= Tim Sawyer =

British banker

Timothy Charles Sawyer is the CEO of Bank of Maldives. Formerly he was the Chief Investment Officer of Innovate UK, the investment arm of UK Government. This role sees him head up the newly-formed innovation lending directorate, with responsibility for the planned innovation loans programme. Formerly he was CEO of Start Up Loans, a private sector initiative backed by Government with a mandate of delivering £350m funding to start-up companies in the United Kingdom (UK). He is also Chairman of Folk2Folk, a peer-to-peer lender to small and medium-sized businesses in the UK.

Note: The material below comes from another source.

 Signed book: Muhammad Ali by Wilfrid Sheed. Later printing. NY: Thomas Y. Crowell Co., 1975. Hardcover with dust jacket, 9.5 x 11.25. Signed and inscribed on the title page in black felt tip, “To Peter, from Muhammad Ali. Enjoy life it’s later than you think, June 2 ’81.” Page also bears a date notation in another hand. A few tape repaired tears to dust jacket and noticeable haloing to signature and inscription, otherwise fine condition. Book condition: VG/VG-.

In 2002, Sawyer co-founded Cahoot, the internet division of Santander UK plc, which he went on to run between the years 2002 and 2005. Sawyer has also been Chairman of Banque Dubois in Switzerland and Chief Operating Officer of OneSavings Bank.

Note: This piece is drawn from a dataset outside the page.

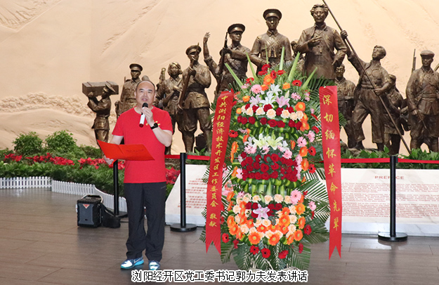 瀏陽經(jīng)開區(qū)黨群局局長陳飛雪主持啟動(dòng)儀式。儀式開始,瀏陽經(jīng)開區(qū)黨工委書記郭力夫在秋收起義紀(jì)念館前向革命烈士敬獻(xiàn)花籃,鞠躬致禮,深情緬懷革命英烈。隨后,瀏陽經(jīng)開區(qū)黨工委書記郭力夫?yàn)楸敬位顒?dòng)致辭。他在講話中說道,今年是秋收起義90周年,值此中國共產(chǎn)黨第十九次全國代表大會勝利召開之際,在這樣一個(gè)特殊的時(shí)間節(jié)點(diǎn)舉行“重走革命路”主題黨日活動(dòng)是希望黨員干部們能通過這樣具有紀(jì)念意義的黨日活動(dòng)在靈魂上得到洗滌、信念上更加堅(jiān)定,在今后的工作生活中時(shí)刻把革命先烈們的不屈精神內(nèi)化于心、外踐于行,以革命先烈為“鏡”,堅(jiān)持不懈提高黨性修養(yǎng),艱苦奮斗,為各自的工作事業(yè)再上一階梯更盡一份力。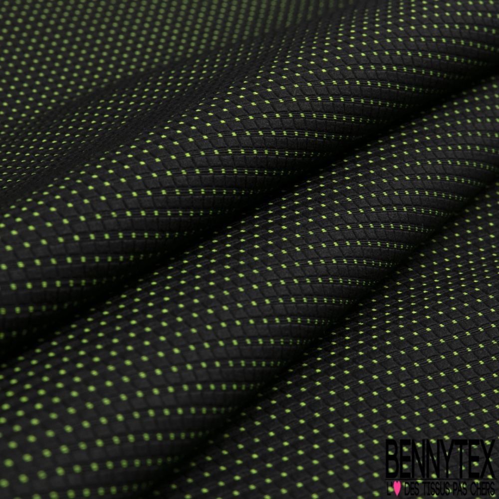 Le Jacquard piqué strié jaune fluo fond noir est une matière à effet de tissage.

Sawyer was appointed Commander of the Order of the British Empire (CBE) in the 2016 Birthday Honours for services to small businesses and entrepreneurs.

Announced in December 2017, Sawyer was appointed as an Ordinary Member to the Competition Appeal Tribunal by Minister for Competition, Margot James MP. This appointment commenced February 2018.

In December 2018, Sawyer was announced as the new chair of the board of governors at the University of Bedfordshire.